Reddit has announced that it is updating its robots exclusion protocol (robots.txt file), which determines whether automated robots are allowed to crawl the site or not.
Traditionally, the robots.txt file was used to permit search engines to scan the site and direct people to the content. However, with the increasing use of artificial intelligence, websites are being scraped and used to train models without referencing the actual source of the content.
In addition to the updated robots.txt file, Reddit will continue to enforce access rate limiting and block unknown bots and crawlers from accessing its platform. The company informed TechCrunch that the rate or blocking of bots and crawlers will be determined if they do not adhere to Reddit’s content policy and do not have an agreement with the platform.
Reddit states that the update should not impact the majority of users or well-intentioned entities, such as researchers and organizations like the Internet Archive.

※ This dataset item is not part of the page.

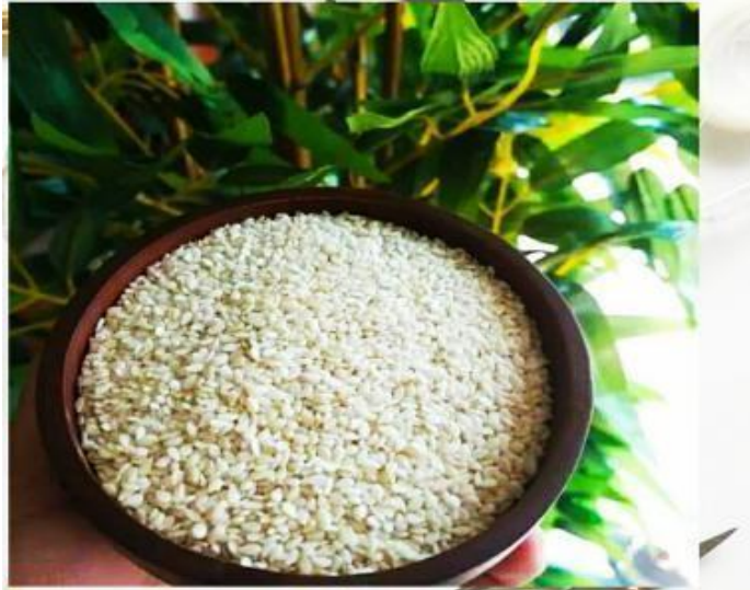
Figure 1 : White sesame seeds

Instead, the update aims to deter artificial intelligence companies from training their large language models using it’s content. Of course, artificial intelligence bots can ignore Reddit’s robots.txt file.
This announcement comes a few days after an investigation conducted by Wired magazine, which found that the emerging AI-powered search company, “Perplexity,” was stealing and scraping content. Wired found that “Perplexity” was disregarding requests not to scrape their website, despite having blocked the company in its robots.txt file. Perplexity’s CEO, Aravind Srinivas, responded to these allegations, stating that the robots.txt file is not a legal framework.

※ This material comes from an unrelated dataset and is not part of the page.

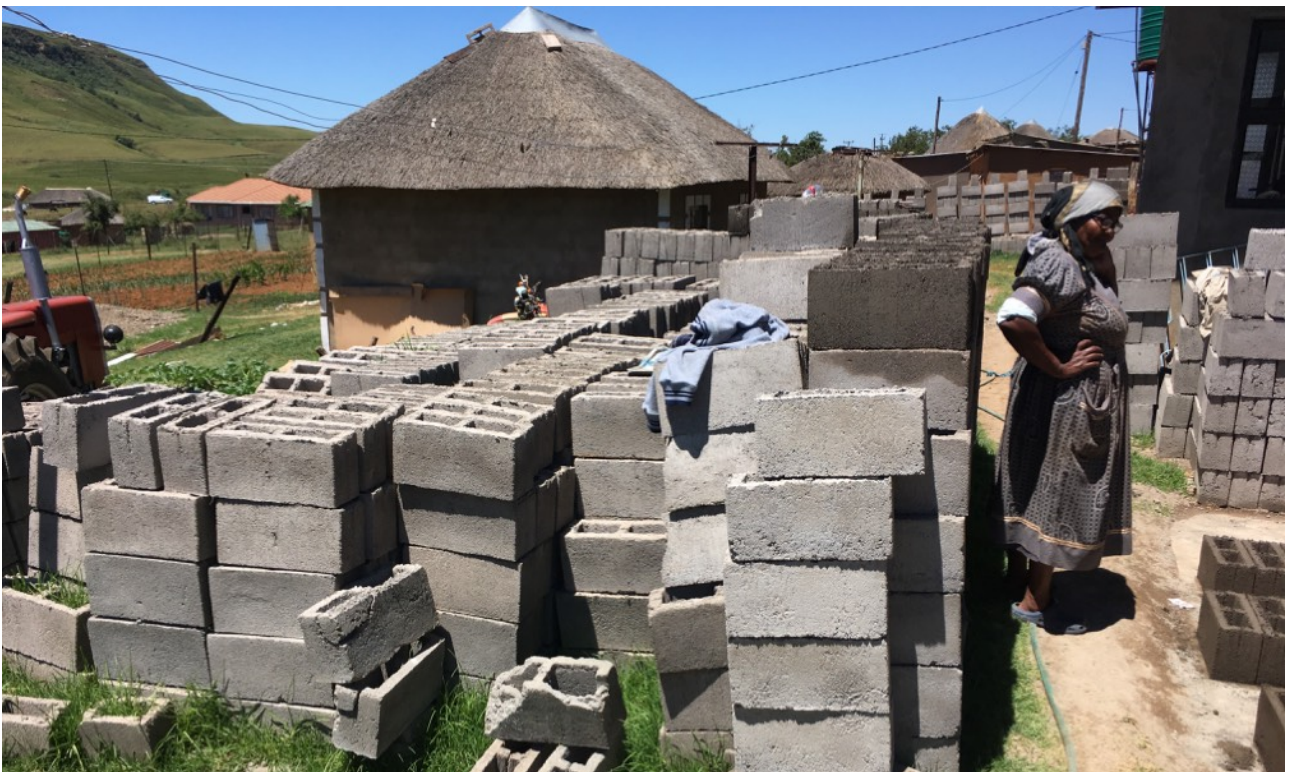
A concrete block business owner in Amazizi village

The upcoming changes on Reddit will not affect companies that have agreements with the platform. For example, Reddit has a $60 million deal with Google that allows the search giant to train its AI models using content from the Reddit platform. With these changes, Reddit points to other companies wishing to use the platform’s data for AI training that they will need to pay.
“stated in a blog post: ‘Anyone accessing Reddit content must adhere to our policies, which include those designed to protect Reddit users. We are selective in choosing who we collaborate with and trust to have broad access to Reddit’s content.’
The announcement did not come as a surprise, as Reddit issued a new policy a few weeks ago aimed at guiding how commercial entities and other partners access and use Reddit data.